**Your assignment**
Would you give back exactly the lines from the line with "3)HUP 平滑重启,重新加载配置文件 SIGHUP" through the end of the entries below, both included, but none of the pictures?

(Extracted data)

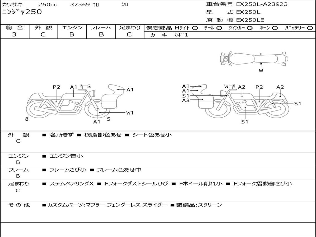 | Номер рамы / VIN | EX250L-A23923 |
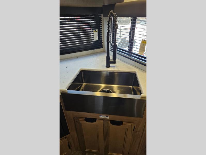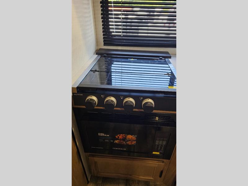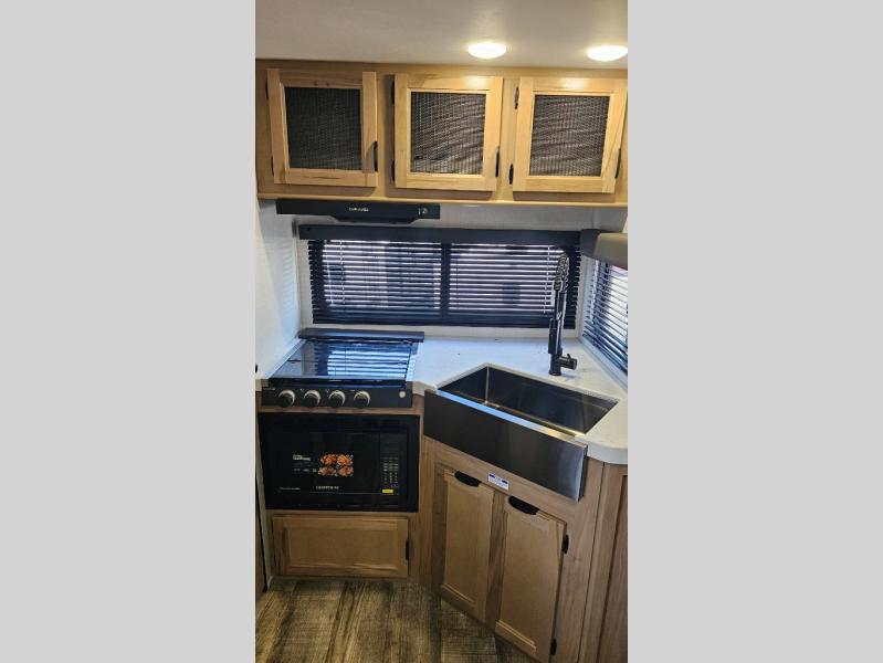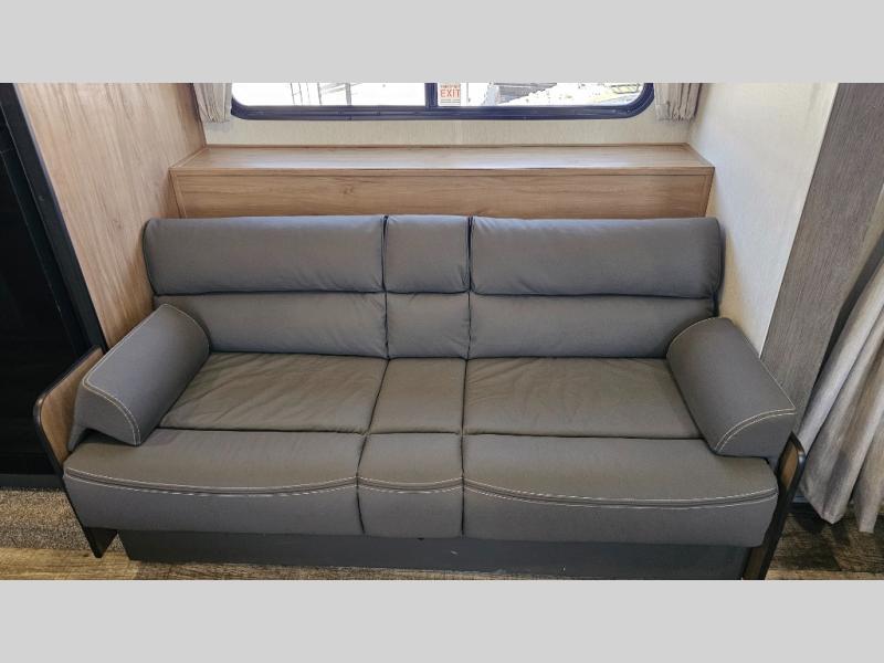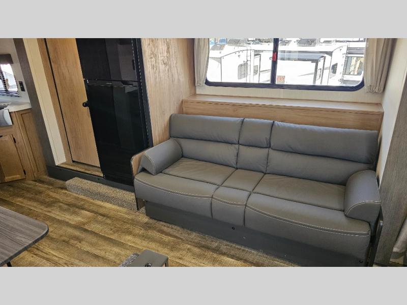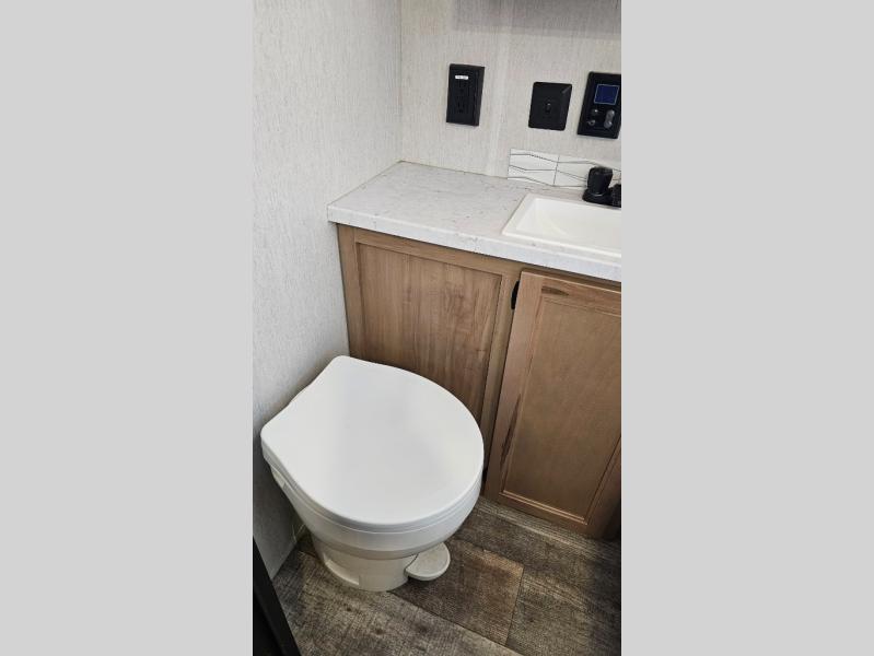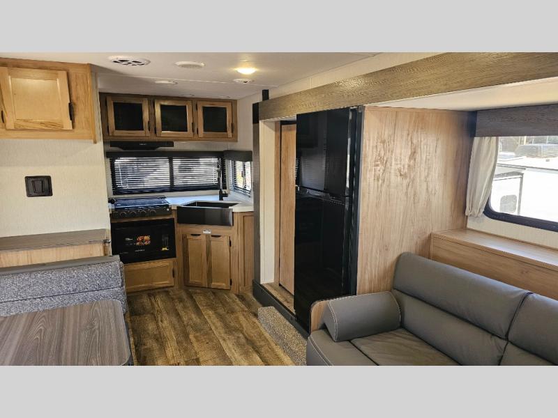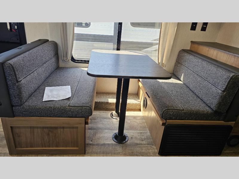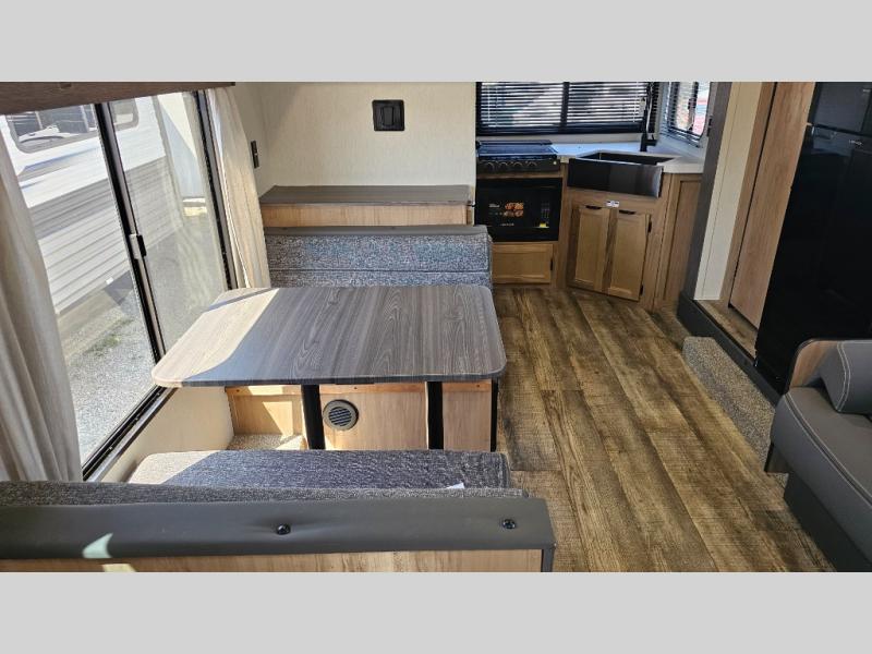 You will love traveling with this Cherokee Grey Wolf in tow. This is a great unit for a couple or family as the booth dinette and sofa can both be used for added sleeping for children or quests if needed. There is a comfortable queen bed up front that you will love for a great night's rest with storage space in nightstands and wardrobes for your clothing and things on either side of the bed. A two burner cooktop and air fryer is available for cooking inside, and the rear corner bath includes a tub/shower, toilet and sink. A nice 15' awning creates more outdoor living space to enjoy protected from the elements both day and night with an LED light strip for after dark. You can also add a TV on the exterior as it has an outside TV mount.
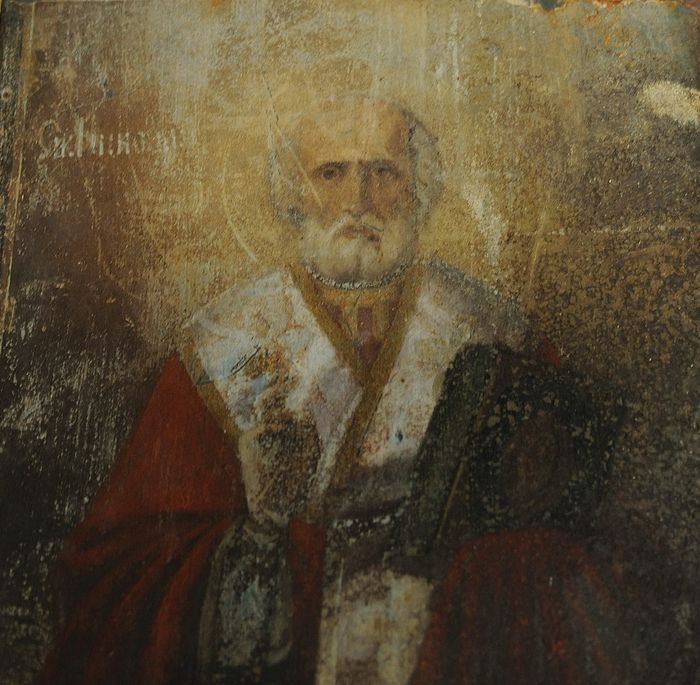 Совсем недавно, в 2016-м году, Господь даровал Великорецкому еще одну святыню! История ее обретения наводит на мысль об удивительном смирении нашего Господа и Его великого святителя. Изображение святителя Николая чудесным образом проявилось на ржавой железной пластине, которой закрывали техническое окно в коровник! Чудо произошло в зимний праздник Святителя Николая 19 декабря 2016 года – в день, когда совершилась первая после почти столетнего запустения служба в Никольском соборе Великорецкого подворья. Днем 21 декабря братия пришли к коровнику на работу и обнаружили, что на металле появился лик святителя – тоненький слой краски.
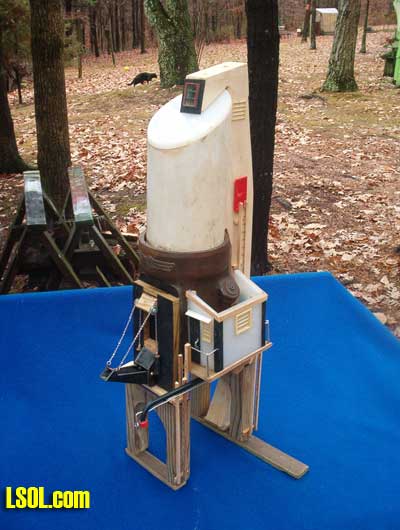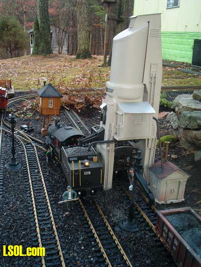 The cast iron base like the lighthouse project, was tossed into the weeds some years ago, and has lost it's working parts, being a large funnel shaped top with two spouts that rust reclaimed over the years. Nonetheless, I'ts size and critical dimensions worked out perfect to a large scale size, (though best on a 1/29 or 1/24 scale) because the distance between the two legs is 4 inches. In creating this piece of whimsey. I have tried to deliver the visual message, that "Oh yeah, I remember that large cement tower down by the roundhouse" As you can see I have constructed this to receive the coal beneath, and the locomotive to be serviced on the outside track. The reasoning will follow, if you'll bear with me... As they say, no commercial parts were harmed in making this project. The parts were all at hand, and if you include "borrowing" your grand-daughters play necklace, and removing a 1/4 round plastic coathanger from the closet without detection, all the better.... Plasticville "O" and "HO" rements of buildings, as well as large-spaced hardware cloth sandwiched between two grooved pieces of wood to make ladders from, some scrap 3/4 scrap lumber, and most surprising, the thick plastic frame of a power-washer, as in clean your deck with, that was cut down on the bandsaw to make the parts for the coal chutes. This was a challenging yet fun part, as the chute is at an angle, which meant that the part it had to fit into was a little larger, and being that there are no joints, there is no danger of coming apart in the future from the weather. The chains (the grand-daughters necklace) that run to the counterbalances (ball point pen body, cut in half) drape over and in between wood screws with washers and a short piece of plastic hose as a spacer. The overall height of this structure is 22 inches, and the space beneath is 4 inches across, and made 7 inches tall by adding two legs that are the "cement" supports for the bottom of the coal station, and atop this is a piece of 4 1/2 inch wide PCV pipe as the coal bunker. The delivery unit, attached to the roof and sides is from a 2x4 inch piece of wood, cut on the bandsaw to fit. Windows and an access door are Plasticville parts, glued directly to the structure, and painted over. Now, the space beneath being 4 inches wide, is going to limit the size of cars or engines going beneath to say, 3 3/4 inches wide. My LGB #1218 will just fit, with a width of 3 7/8 because of the handrails on the cab. #7, a tank engine will do just fine at 3 3/4 wide. Now please refer to picture which is the stucture yet to be painted, and perhaps you may be able to pick out all these parts mentioned above.
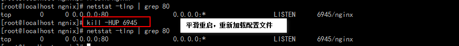 3)HUP 平滑重启,重新加载配置文件 SIGHUP 即 NGX_RECONFIGURE_SIGNAL
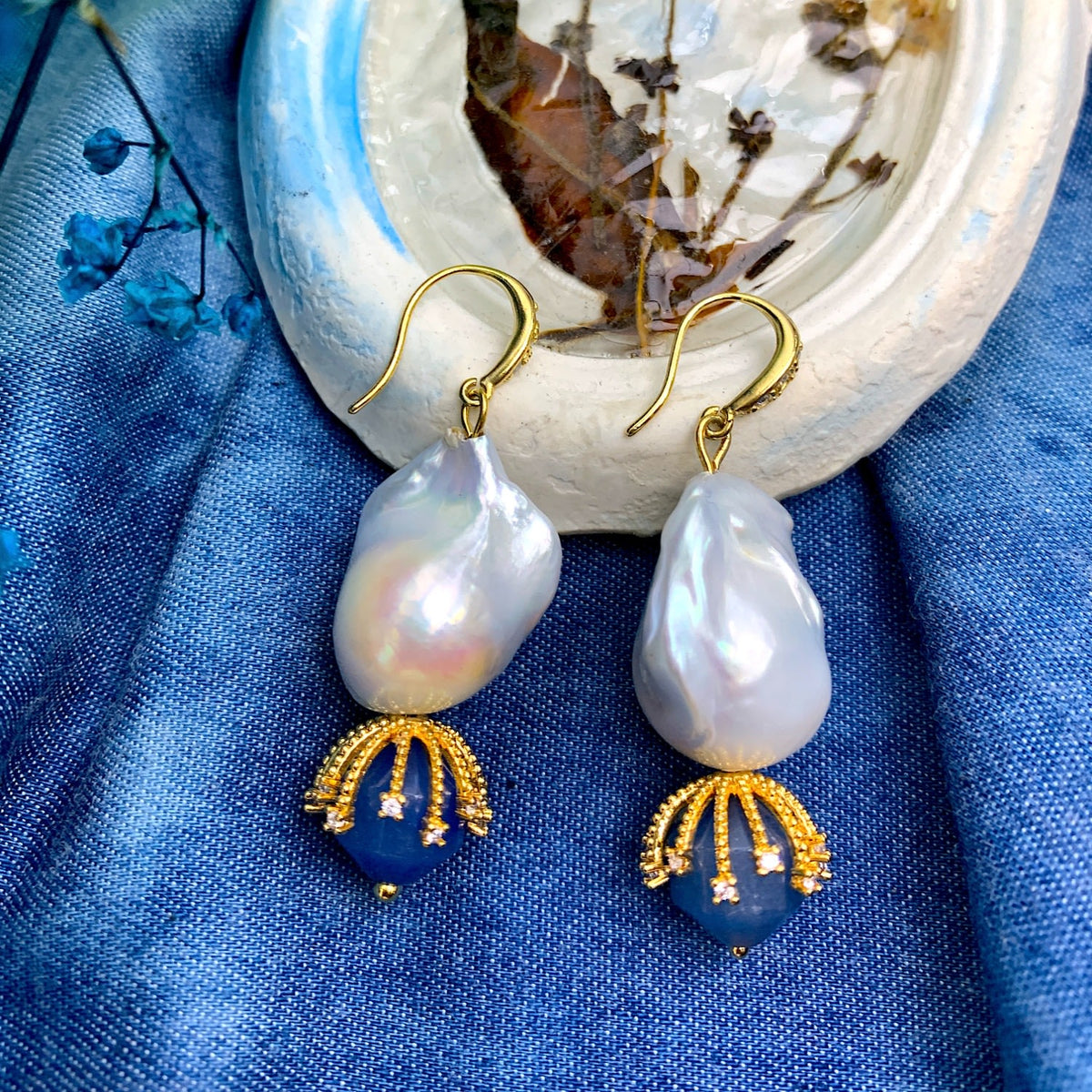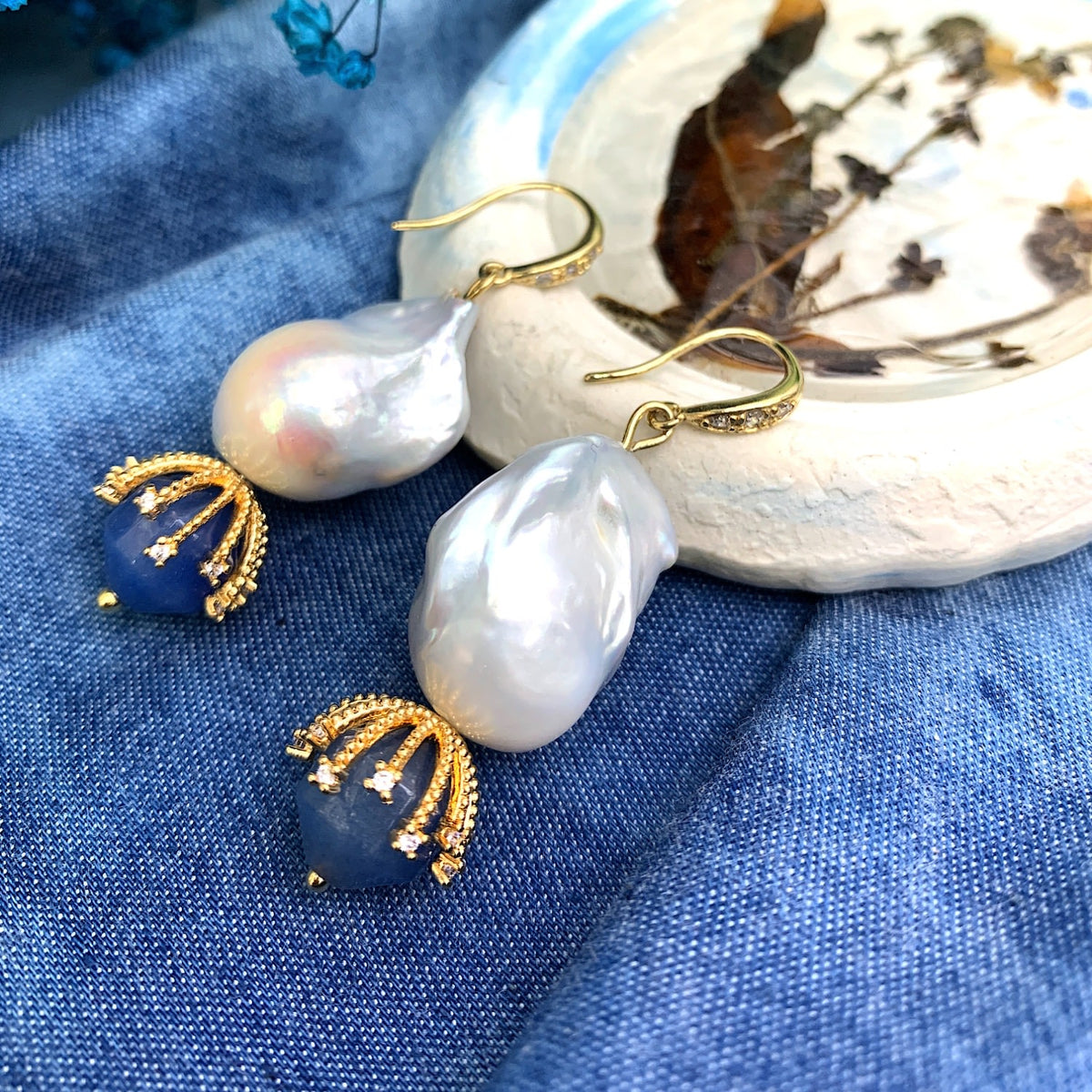 These earrings are handmade with baroque pearls and blue aventurine, and they are finished with Japanese golden-plated brass findings.
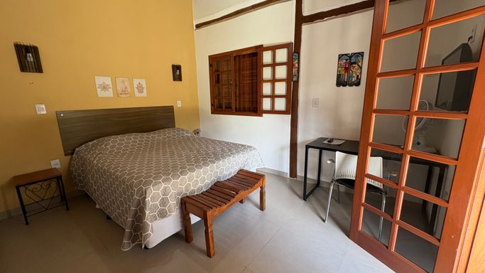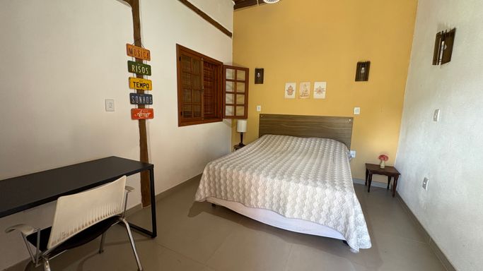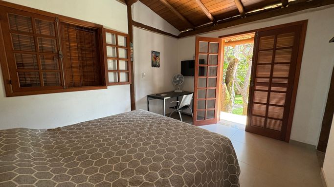 No segundo pavimento, há um dormitório aconchegante com varanda.
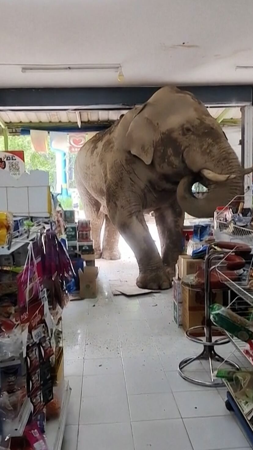El momento en el que un elefante entra en una tienda en Tailandia para buscar comida
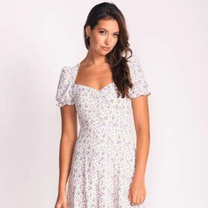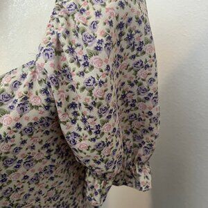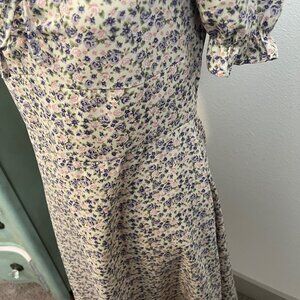 Bought from a boutique in Nashville. Pink ripple brand. Size large. Cream, pink, and purple floral boho cottage core summer dress. A-line. Sweetheart neckline, ruched bodice with tie bow, puffed sleeves, and zipper up the back. Really light and comfortable. Great on its own for summer, great with a denim jacket for spring and fall.

(End Extracted data)

**Response to the exercise**
 3)HUP 平滑重启,重新加载配置文件 SIGHUP 即 NGX_RECONFIGURE_SIGNAL
 These earrings are handmade with baroque pearls and blue aventurine, and they are finished with Japanese golden-plated brass findings.
 No segundo pavimento, há um dormitório aconchegante com varanda.
El momento en el que un elefante entra en una tienda en Tailandia para buscar comida
 Bought from a boutique in Nashville. Pink ripple brand. Size large. Cream, pink, and purple floral boho cottage core summer dress. A-line. Sweetheart neckline, ruched bodice with tie bow, puffed sleeves, and zipper up the back. Really light and comfortable. Great on its own for summer, great with a denim jacket for spring and fall.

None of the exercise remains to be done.